Options.EbookSaveOptions mobiSaveOptions = new Options.EbookSaveOptions(Formats.EBookFormats.Mobi);

editor.Save(edited, epubOutputPath, epubSaveOptions);
editor.Save(edited, azw3OutputPath, azw3SaveOptions);
editor.Save(edited, mobiOutputPath, mobiSaveOptions);

// ...
// Don't forget to dispose Editor and EditableDocument when work is done
edited.Dispose();
editor.Dispose();

Saving e-Book files before version 23.4

Note
This section describes the saving of e-book files in the GroupDocs.Editor versions 22.9 - 23.2. From the version 23.4 (inclusive) and newer this description is invalid and source code is not working.

Starting from the version 22.9 and before the version 23.4 the GroupDocs.Editor for .NET was able to save e-books only in AZW3 and ePub formats, while MOBI was not supported on the export. Due to this fact and unlike other format families and unlike a single EbookEditOptions class, which is common for all e-Book formats, there was no single options class for saving into different e-Book formats at that moment. And because the GroupDocs.Editor for .NET has supported saving into AZW3 and ePub, there were distinct save options classes for each of these two formats:

These classes had one common property - a SplitHeadingLevel of the System.Int32 type.
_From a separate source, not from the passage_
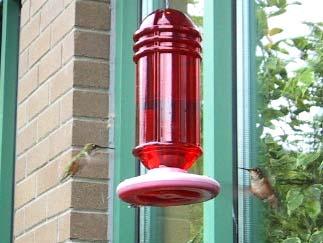 ここはMargaretさんのお気に入りの場所でもあるというので彼女も同じホテルに宿泊してガイド役をしてくださった。1階のソファの置かれたロビーのガラス越しに、赤い妙な筒がぶら下がっていた。彼女の説明では、ハチドリ(humming
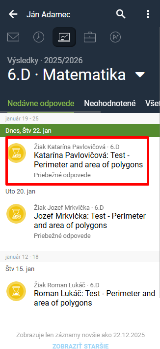 Učiteľ môže monitorovať priebeh testu aj cez mobilnú aplikáciu takto:

This property controls how (if so) to split the content of AZW3 or ePub e-book onto packages in the resultant file. It doesn’t affect the representation of a file, opened in any e-Book reader; rather, it is about an internal structure of the e-Book file. If you dont bother about internal structure of the ePub or AZW3 file, you may leave this property to has the default value.

EpubSaveOptions also has an ExportDocumentProperties boolean property — it controls whether to export built-in and custom document properties inside the resultant IDPF ePub e-Book. If you have no plans to reconvert the resultant ePub to some other format, you may leave it intact — the default false value disables the exporting of the document properties, so the resultant document will be a little bit smaller in size.

Code example below demonstrates a loading of a single ePub file to the Editor instance, editing it with default options, and saving to the ePub and AZW3 with different options for each one.

string epubPath = "path/to/Alices Adventures in Wonderland.epub";
string epubOutputPath = "Output_ePub.epub";
string azw3OutputPath = "Output_AZW3.azw3";

GroupDocs.Editor.Editor editor = new Editor(epubPath);

//edit with default EbookEditOptions
EditableDocument edited = editor.Edit();

Options.EpubSaveOptions epubSaveOptions = new Options.EpubSaveOptions();
epubSaveOptions.ExportDocumentProperties = true;
epubSaveOptions.SplitHeadingLevel = 5;

Options.Azw3SaveOptions azw3SaveOptions = new Options.Azw3SaveOptions();
azw3SaveOptions.SplitHeadingLevel = 1;

editor.Save(edited, epubOutputPath, epubSaveOptions);
editor.Save(edited, azw3OutputPath, azw3SaveOptions);

// ...
// Don't forget to dispose Editor and EditableDocument when work is done
edited.Dispose();
editor.Dispose();

Extracting metainfo from e-Book files

Like for all supported formats, the GroupDocs.Editor for .NET provides an ability to detected the document metainfo for all supported e-Book formats by using a GetDocumentInfo() method of the Editor class. In case when a valid e-Book was loaded into the Editor instance, a GetDocumentInfo() will return an instance of a Metadata.EbookDocumentInfo class, which inherits from IDocumentInfo interface, which, in turn, defines 4 properties: Format, PageCount, Size, and IsEncrypted.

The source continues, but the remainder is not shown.